◆ RECORDS SHOWN:

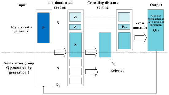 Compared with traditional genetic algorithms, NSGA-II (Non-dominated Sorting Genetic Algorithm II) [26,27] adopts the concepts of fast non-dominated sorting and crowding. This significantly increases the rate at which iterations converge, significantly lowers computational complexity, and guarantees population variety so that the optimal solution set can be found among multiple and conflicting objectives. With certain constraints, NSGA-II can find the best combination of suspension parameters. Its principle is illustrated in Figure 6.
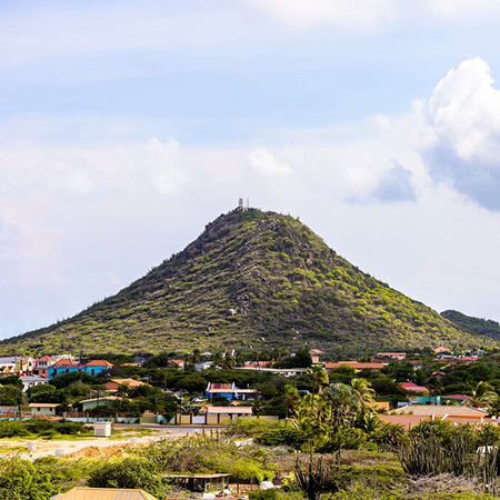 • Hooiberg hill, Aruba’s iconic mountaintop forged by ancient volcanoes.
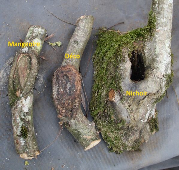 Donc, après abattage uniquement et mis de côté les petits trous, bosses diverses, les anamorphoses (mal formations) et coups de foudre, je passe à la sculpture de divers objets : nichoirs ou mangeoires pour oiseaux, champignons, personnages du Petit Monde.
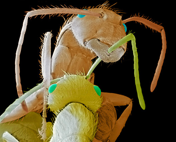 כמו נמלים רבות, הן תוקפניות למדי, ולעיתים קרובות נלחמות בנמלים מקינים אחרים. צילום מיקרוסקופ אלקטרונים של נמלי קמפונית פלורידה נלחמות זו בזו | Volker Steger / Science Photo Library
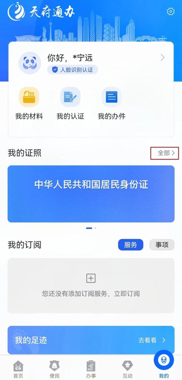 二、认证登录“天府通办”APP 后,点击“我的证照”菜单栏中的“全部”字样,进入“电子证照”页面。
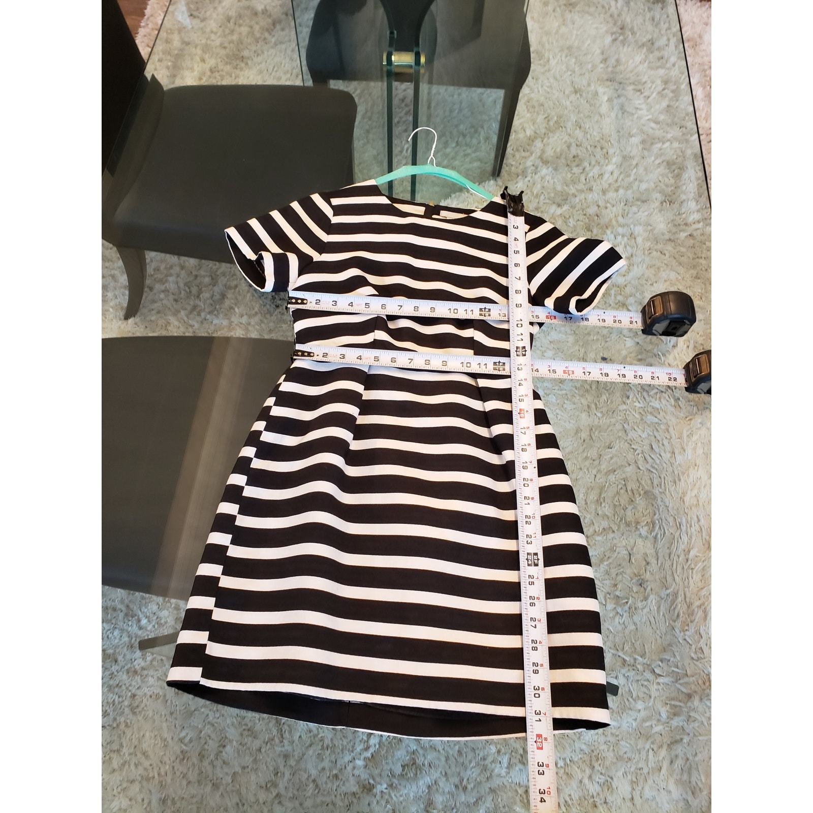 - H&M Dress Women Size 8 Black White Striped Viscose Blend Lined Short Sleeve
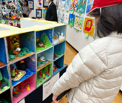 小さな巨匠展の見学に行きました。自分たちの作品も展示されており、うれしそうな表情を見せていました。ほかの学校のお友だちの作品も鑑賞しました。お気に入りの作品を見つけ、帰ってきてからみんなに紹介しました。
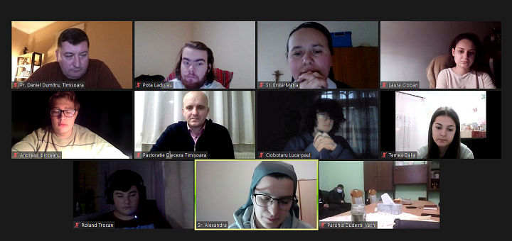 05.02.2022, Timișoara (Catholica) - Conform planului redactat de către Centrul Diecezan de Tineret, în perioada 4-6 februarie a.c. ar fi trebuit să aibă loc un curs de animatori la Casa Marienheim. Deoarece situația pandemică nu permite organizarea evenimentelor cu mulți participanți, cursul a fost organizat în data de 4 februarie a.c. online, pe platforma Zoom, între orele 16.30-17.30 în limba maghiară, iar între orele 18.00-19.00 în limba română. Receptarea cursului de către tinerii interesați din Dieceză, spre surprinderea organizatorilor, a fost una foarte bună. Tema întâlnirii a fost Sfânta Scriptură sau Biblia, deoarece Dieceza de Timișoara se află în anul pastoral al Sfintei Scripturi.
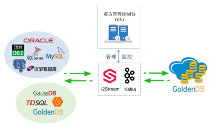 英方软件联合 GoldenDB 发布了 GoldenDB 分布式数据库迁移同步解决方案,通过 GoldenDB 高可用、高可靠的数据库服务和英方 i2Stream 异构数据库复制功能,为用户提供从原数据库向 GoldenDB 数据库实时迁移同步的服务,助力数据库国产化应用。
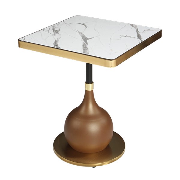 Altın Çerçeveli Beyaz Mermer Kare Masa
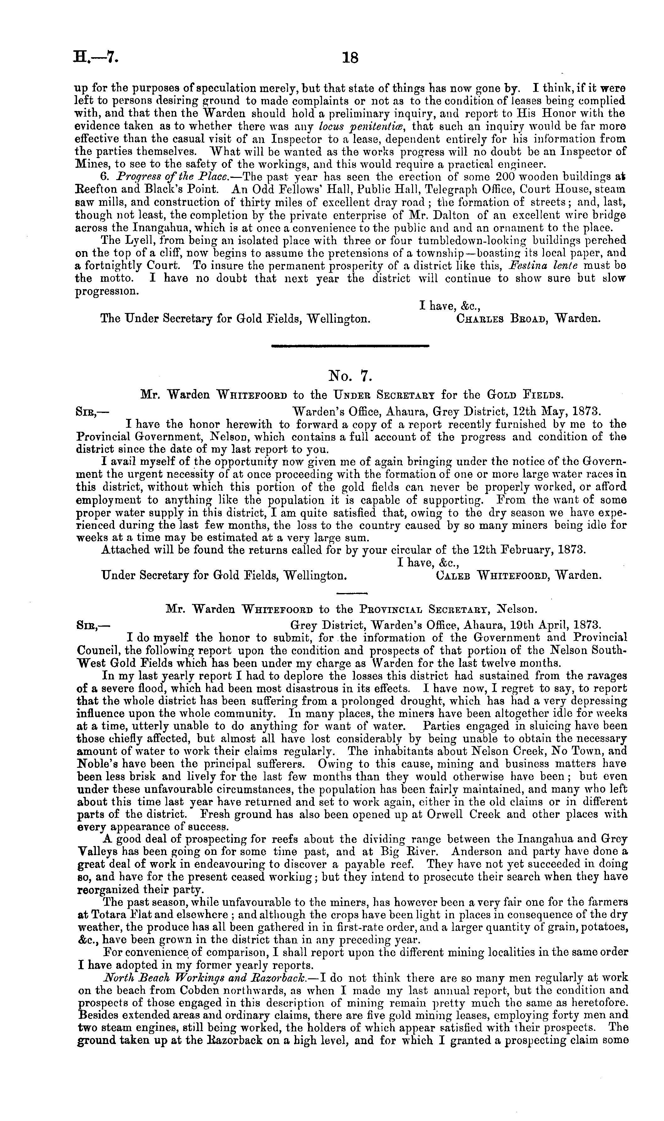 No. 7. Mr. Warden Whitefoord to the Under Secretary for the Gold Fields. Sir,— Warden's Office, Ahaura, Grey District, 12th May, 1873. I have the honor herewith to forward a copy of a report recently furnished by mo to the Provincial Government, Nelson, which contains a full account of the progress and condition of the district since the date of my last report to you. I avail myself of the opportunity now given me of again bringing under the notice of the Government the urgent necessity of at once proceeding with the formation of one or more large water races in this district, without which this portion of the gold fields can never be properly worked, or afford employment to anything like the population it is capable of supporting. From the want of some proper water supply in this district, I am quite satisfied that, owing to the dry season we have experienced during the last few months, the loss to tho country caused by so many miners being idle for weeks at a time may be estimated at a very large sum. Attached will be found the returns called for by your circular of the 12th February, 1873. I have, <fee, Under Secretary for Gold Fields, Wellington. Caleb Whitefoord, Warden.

◆ WHAT YOU WILL DO:
Find where the line with "英方软件联合 GoldenDB 发布了" sits in the material above and where the line with "Altın Çerçeveli Beyaz Mermer Kare Masa" sits. Set down exactly the lines from the first to the second, both included and nothing else, without pictures.

◆ WRITTEN ANSWER:
 英方软件联合 GoldenDB 发布了 GoldenDB 分布式数据库迁移同步解决方案,通过 GoldenDB 高可用、高可靠的数据库服务和英方 i2Stream 异构数据库复制功能,为用户提供从原数据库向 GoldenDB 数据库实时迁移同步的服务,助力数据库国产化应用。
 Altın Çerçeveli Beyaz Mermer Kare Masa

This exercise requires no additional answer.